■ About this task
Using the material below, print the line that contains "Model: ghirlandă decorată", the line that contains "- Sawyers Bar", and every line in between, exactly and nothing else.
Extracted data section start
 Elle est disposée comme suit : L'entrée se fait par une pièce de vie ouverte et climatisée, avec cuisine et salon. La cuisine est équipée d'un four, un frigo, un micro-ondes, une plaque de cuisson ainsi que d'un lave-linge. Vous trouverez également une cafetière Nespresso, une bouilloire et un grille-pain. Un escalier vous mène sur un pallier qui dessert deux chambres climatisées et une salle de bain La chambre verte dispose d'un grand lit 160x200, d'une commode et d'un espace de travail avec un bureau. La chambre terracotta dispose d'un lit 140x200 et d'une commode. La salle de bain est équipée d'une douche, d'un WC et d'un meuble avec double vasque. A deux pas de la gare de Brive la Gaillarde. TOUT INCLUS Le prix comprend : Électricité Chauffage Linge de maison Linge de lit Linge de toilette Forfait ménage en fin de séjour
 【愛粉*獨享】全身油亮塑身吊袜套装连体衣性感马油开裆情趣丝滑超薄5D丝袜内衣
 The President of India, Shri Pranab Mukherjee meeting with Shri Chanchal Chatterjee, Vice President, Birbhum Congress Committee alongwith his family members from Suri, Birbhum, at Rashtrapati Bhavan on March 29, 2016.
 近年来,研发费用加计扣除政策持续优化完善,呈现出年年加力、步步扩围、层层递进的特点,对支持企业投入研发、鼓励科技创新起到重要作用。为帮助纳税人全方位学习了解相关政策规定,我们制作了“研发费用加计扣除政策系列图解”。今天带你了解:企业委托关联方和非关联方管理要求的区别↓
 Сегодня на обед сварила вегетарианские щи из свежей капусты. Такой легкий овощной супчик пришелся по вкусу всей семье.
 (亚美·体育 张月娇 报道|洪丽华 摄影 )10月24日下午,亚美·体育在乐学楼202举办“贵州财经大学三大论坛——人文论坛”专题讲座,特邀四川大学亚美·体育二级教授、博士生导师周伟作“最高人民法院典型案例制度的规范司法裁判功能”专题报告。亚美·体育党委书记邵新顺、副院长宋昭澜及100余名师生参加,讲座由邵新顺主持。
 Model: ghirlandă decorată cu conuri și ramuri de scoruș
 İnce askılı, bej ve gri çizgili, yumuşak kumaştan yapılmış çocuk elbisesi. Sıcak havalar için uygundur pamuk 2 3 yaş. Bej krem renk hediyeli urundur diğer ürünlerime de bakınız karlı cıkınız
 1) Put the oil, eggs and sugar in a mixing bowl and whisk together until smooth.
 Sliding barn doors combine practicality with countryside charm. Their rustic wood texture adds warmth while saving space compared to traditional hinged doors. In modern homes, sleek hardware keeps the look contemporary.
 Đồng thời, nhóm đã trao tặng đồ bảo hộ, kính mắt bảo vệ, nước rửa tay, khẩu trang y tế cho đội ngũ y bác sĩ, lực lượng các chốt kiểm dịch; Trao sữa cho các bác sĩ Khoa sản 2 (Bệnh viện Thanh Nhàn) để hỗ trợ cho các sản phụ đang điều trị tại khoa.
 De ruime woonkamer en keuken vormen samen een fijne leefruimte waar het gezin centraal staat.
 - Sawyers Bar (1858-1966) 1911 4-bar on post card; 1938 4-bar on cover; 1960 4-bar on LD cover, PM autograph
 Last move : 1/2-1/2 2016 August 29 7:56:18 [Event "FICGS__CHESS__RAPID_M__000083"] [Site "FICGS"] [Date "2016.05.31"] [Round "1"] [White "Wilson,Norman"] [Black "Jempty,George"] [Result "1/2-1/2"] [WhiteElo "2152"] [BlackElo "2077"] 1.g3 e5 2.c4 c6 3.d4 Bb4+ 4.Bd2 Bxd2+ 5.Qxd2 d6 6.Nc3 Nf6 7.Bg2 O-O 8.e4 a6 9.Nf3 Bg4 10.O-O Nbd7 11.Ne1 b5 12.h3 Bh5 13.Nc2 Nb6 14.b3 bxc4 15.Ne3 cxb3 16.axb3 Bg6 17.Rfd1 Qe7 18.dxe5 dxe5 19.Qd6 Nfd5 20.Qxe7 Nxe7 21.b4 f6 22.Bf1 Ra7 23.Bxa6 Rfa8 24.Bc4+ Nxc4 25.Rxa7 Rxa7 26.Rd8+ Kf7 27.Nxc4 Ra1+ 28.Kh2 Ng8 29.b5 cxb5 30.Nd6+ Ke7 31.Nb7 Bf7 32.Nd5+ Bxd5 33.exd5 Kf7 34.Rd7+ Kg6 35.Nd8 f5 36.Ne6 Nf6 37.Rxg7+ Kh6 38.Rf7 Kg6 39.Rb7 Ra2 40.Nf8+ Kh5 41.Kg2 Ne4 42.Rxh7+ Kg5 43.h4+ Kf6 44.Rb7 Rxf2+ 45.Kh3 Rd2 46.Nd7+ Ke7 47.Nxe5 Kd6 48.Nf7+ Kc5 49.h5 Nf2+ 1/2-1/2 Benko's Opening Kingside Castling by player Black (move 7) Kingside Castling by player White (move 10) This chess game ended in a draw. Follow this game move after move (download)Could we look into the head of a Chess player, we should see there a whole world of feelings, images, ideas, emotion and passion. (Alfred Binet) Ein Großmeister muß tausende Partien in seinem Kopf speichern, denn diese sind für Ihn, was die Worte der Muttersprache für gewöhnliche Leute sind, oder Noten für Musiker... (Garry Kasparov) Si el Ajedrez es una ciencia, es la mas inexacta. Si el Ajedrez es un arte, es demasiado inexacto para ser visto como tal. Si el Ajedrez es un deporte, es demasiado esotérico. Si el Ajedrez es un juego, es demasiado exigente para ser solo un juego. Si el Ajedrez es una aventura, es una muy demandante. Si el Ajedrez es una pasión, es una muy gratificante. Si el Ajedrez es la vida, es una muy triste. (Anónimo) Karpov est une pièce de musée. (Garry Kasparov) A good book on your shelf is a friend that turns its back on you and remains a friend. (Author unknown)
Extracted data section end
■ Exercise solution
 Model: ghirlandă decorată cu conuri și ramuri de scoruș
 İnce askılı, bej ve gri çizgili, yumuşak kumaştan yapılmış çocuk elbisesi. Sıcak havalar için uygundur pamuk 2 3 yaş. Bej krem renk hediyeli urundur diğer ürünlerime de bakınız karlı cıkınız
 1) Put the oil, eggs and sugar in a mixing bowl and whisk together until smooth.
 Sliding barn doors combine practicality with countryside charm. Their rustic wood texture adds warmth while saving space compared to traditional hinged doors. In modern homes, sleek hardware keeps the look contemporary.
 Đồng thời, nhóm đã trao tặng đồ bảo hộ, kính mắt bảo vệ, nước rửa tay, khẩu trang y tế cho đội ngũ y bác sĩ, lực lượng các chốt kiểm dịch; Trao sữa cho các bác sĩ Khoa sản 2 (Bệnh viện Thanh Nhàn) để hỗ trợ cho các sản phụ đang điều trị tại khoa.
 De ruime woonkamer en keuken vormen samen een fijne leefruimte waar het gezin centraal staat.
 - Sawyers Bar (1858-1966) 1911 4-bar on post card; 1938 4-bar on cover; 1960 4-bar on LD cover, PM autograph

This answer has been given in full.